Reference: Parameter-Efficient Transfer Learning for NLP (Houlsby et al., 2019)
Block-Level Placement
The default placement inserts adapters after each transformer sub-layer (MHA and MLP), before the residual add:
config = TransferConfig(
mode='houlsby',
houlsby_latent_dim=8, # Bottleneck dimension
houlsby_placement='block', # Baskerville-style (default)
houlsby_targets=['mha', 'mlp'], # Adapt both MHA and MLP blocks
unfreeze_norm=True, # Unfreeze LayerNorm/RMSBatchNorm (default)
remove_heads=['atac'],
new_heads={'my_atac': {'modality': 'atac', 'num_tracks': 4}},
)
model = prepare_for_transfer(model, config)

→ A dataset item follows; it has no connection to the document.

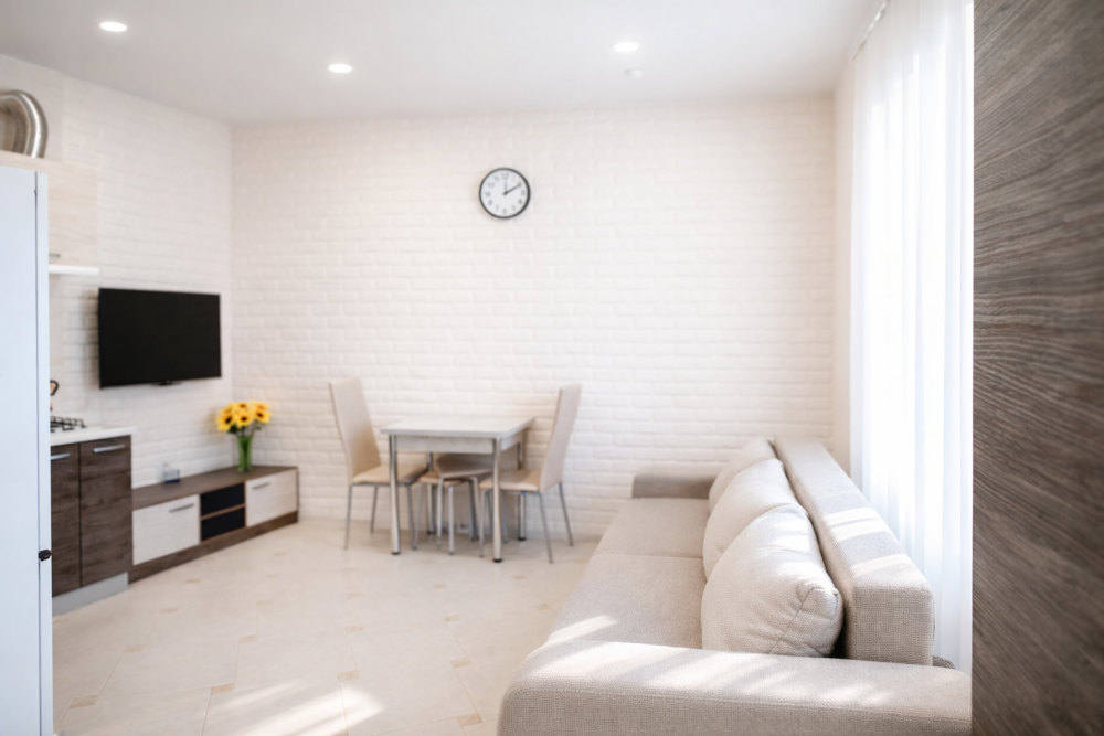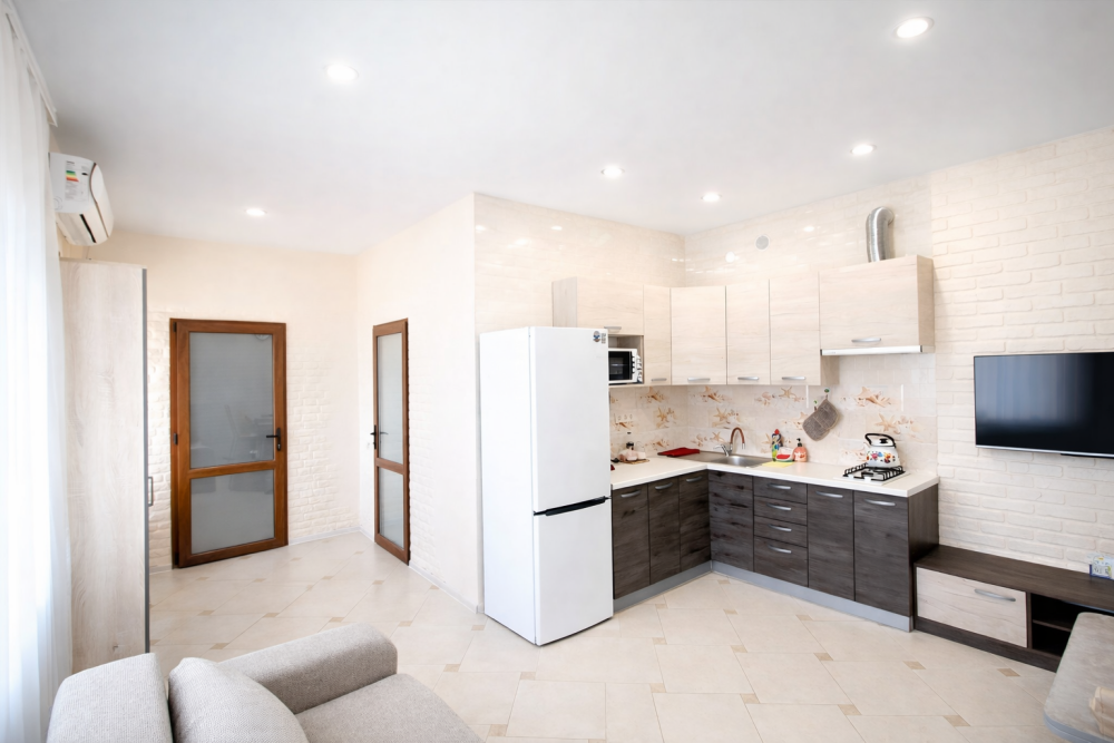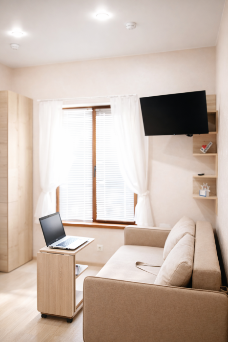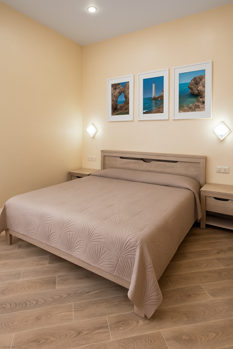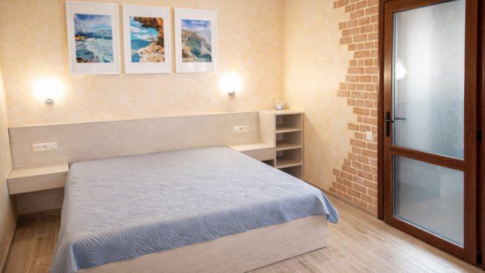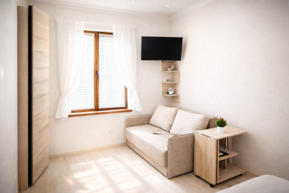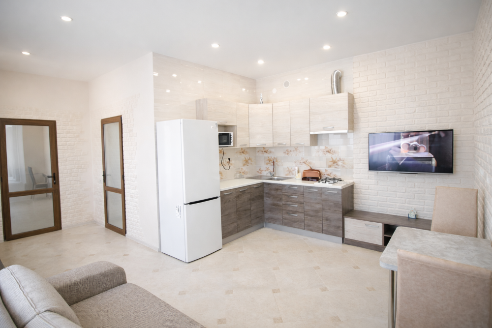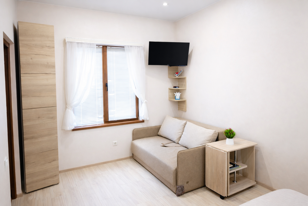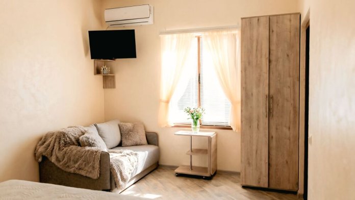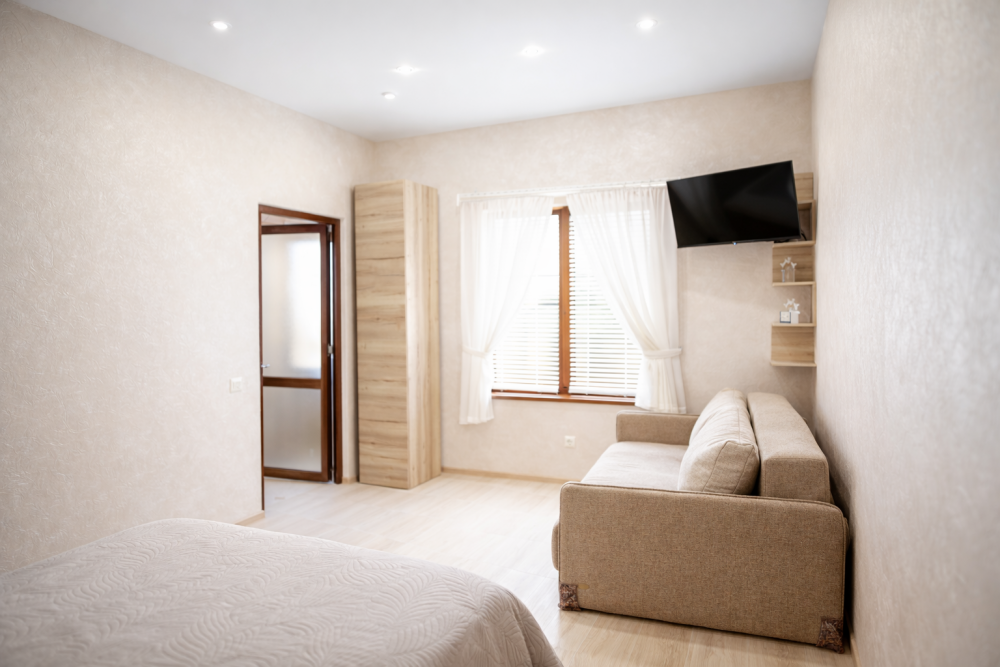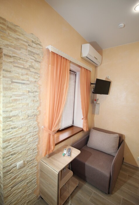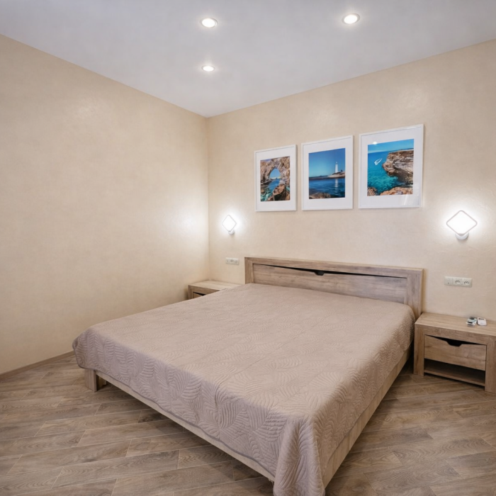 В номере есть: двуспальная кровать с ортопедическим матрасом, односпальное кресло-кровать, кондиционер, холодильник, шкаф, журнальный столик, Wi-Fi, современная сантехника и мебель, телевизор (кабельное телевидение), санузел, набор постельного белья и полотенец для каждого гостя, средства личной гигиены, сушилка для белья.

The computation for each transformer block becomes:
x = x + adapter(mha(x)) # adapter has internal residual
= x + mha(x) + bottleneck(mha(x))
x = x + adapter(mlp(x))
= x + mlp(x) + bottleneck(mlp(x))
Linear-Level Placement
You can also wrap individual Linear layers (similar to LoRA targeting):
config = TransferConfig(
mode='houlsby',
houlsby_latent_dim=8,
houlsby_placement='linear',
houlsby_targets=['q_proj', 'v_proj'], # Target specific projections
remove_heads=['atac'],
new_heads={'my_atac': {'modality': 'atac', 'num_tracks': 4}},
)
model = prepare_for_transfer(model, config)
Parameters:
houlsby_latent_dim— bottleneck dimension (default: 8)houlsby_placement— where to insert adapters:'block'(default): Baskerville-style, at transformer block boundaries'linear': wrap individual Linear layers
houlsby_targets— which components to adapt:For
'block':['mha', 'mlp'](default),['mha'], or['mlp']For
'linear': module name substrings like['q_proj', 'v_proj']
unfreeze_norm— whether to unfreeze normalization layers (default:True). This matches Baskerville’s behavior where LayerNorm parameters are trained alongside adapters.
Combining Adapter Modes#
Adapter modes (lora, locon, ia3, houlsby) can be combined by passing a list
to mode. This applies each adapter type simultaneously — for example,
LoRA on attention layers and Locon on convolutional layers:
config = TransferConfig(
mode=['lora', 'locon'],
# LoRA settings (applied to attention)
lora_rank=8,
lora_alpha=16,
lora_targets=['q_proj', 'v_proj'],
# Locon settings (applied to convolutions)
locon_rank=4,
locon_alpha=1,
locon_targets=['conv_tower'],
remove_heads=['atac', 'dnase'],
new_heads={'my_atac': {'modality': 'atac', 'num_tracks': 4}},
)
model = prepare_for_transfer(model, config)
Rules:
'full'cannot be combined with other modes.'linear'can appear alongside adapter modes — the trunk is frozen and adapter layers are injected on top.Any subset of
['lora', 'locon', 'ia3', 'houlsby']can be combined.